*** Dataset records ***
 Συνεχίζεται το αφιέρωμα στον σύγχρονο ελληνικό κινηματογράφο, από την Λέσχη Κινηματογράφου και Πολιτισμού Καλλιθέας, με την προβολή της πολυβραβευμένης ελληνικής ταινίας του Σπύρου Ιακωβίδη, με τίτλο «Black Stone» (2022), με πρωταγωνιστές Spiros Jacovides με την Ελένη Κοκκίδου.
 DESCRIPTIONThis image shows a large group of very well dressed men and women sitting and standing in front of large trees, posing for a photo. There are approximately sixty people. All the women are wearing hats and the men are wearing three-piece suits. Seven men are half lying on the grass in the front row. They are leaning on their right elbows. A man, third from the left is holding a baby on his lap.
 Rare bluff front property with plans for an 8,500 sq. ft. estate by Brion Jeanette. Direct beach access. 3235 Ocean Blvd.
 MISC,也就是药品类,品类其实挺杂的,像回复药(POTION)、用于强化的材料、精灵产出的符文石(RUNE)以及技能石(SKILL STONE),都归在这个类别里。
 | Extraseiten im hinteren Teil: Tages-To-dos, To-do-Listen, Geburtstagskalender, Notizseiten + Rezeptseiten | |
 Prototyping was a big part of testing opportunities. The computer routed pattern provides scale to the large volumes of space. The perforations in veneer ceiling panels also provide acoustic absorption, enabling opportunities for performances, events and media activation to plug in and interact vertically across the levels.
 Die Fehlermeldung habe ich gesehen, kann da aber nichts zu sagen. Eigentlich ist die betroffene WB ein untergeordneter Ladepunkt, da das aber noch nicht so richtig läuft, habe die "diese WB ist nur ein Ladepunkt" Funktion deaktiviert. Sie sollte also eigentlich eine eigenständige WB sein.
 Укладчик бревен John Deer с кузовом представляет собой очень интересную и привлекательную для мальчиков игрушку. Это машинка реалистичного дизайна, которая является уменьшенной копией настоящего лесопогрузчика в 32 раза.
*** End of Dataset records ***
→ **What this task involves**: Print, without alteration, only the lines above between the one holding "DESCRIPTIONThis image shows" and the one holding "Prototyping was a", inclusive.

→ **Task answer**:
 DESCRIPTIONThis image shows a large group of very well dressed men and women sitting and standing in front of large trees, posing for a photo. There are approximately sixty people. All the women are wearing hats and the men are wearing three-piece suits. Seven men are half lying on the grass in the front row. They are leaning on their right elbows. A man, third from the left is holding a baby on his lap.
 Rare bluff front property with plans for an 8,500 sq. ft. estate by Brion Jeanette. Direct beach access. 3235 Ocean Blvd.
 MISC,也就是药品类,品类其实挺杂的,像回复药(POTION)、用于强化的材料、精灵产出的符文石(RUNE)以及技能石(SKILL STONE),都归在这个类别里。
 | Extraseiten im hinteren Teil: Tages-To-dos, To-do-Listen, Geburtstagskalender, Notizseiten + Rezeptseiten | |
 Prototyping was a big part of testing opportunities. The computer routed pattern provides scale to the large volumes of space. The perforations in veneer ceiling panels also provide acoustic absorption, enabling opportunities for performances, events and media activation to plug in and interact vertically across the levels.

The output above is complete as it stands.